(Beginning of Data block)

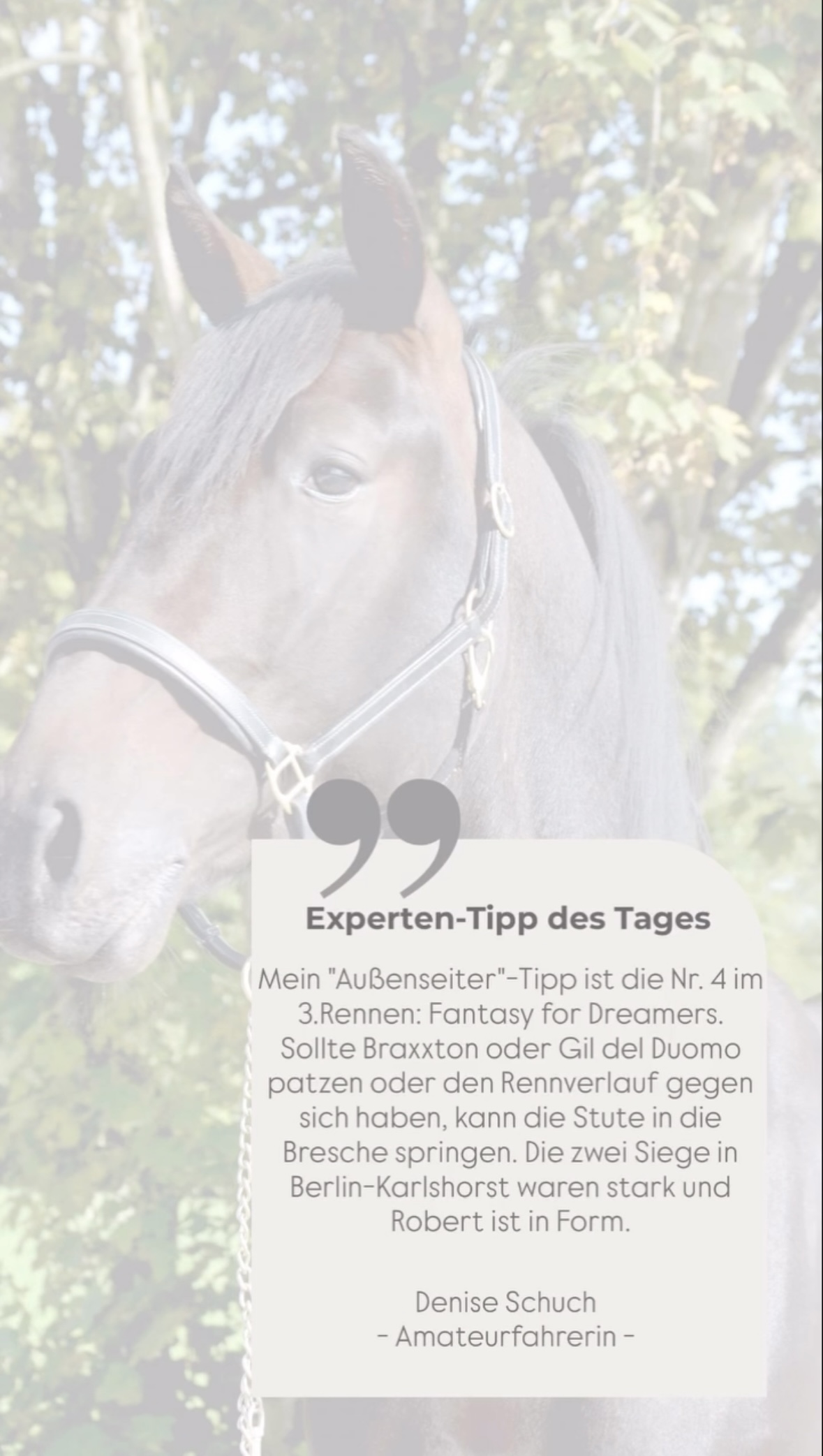 Corinna Seyfang schreibt: eh klar, eine grosse Stärke gegenüber seinen Gegnern wäre es wenn es regnet und die Bahn tief wäre, auch wenn er auf jeder Bahn zuhause ist, ein Allrounder mit dem Können bei einer nicht so guten Bahn klar seine Vorteile ausspielen zu können ist auch eine Waffe die ein Pferd zur Verfügung haben kann. weil die meisten das nicht können |
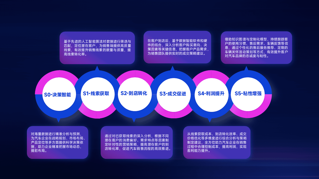 通过拓宽潜在客户来源、、、、优化线索分配并提高到店转化率,,,以增强销售效率。。。同时,,,利用线索数据不断优化分析模型,,有效提升转化率,,,,扩大营销影响力。。。。
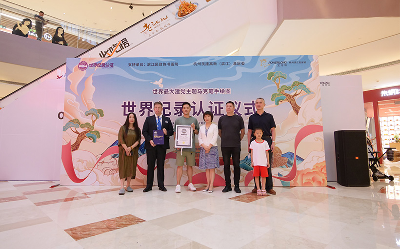 The largest marker drawing on the founding of a party, created by Zhang Kun (China) in Hangzhou, China, is 38.3 m long and 2.93 m wide. Verified by the WRCA, Zhang Kun set the world record for the “largest marker drawing on the founding of a party”.

(End of Data block)

- _Task to complete_: Both the line containing "通过拓宽潜在客户来源、、、、" and the last line of the listing above belong in the copy, along with every line between them; retype them exactly and omit the pictures.

- _Worked solution_:
 通过拓宽潜在客户来源、、、、优化线索分配并提高到店转化率,,,以增强销售效率。。。同时,,,利用线索数据不断优化分析模型,,有效提升转化率,,,,扩大营销影响力。。。。
 The largest marker drawing on the founding of a party, created by Zhang Kun (China) in Hangzhou, China, is 38.3 m long and 2.93 m wide. Verified by the WRCA, Zhang Kun set the world record for the “largest marker drawing on the founding of a party”.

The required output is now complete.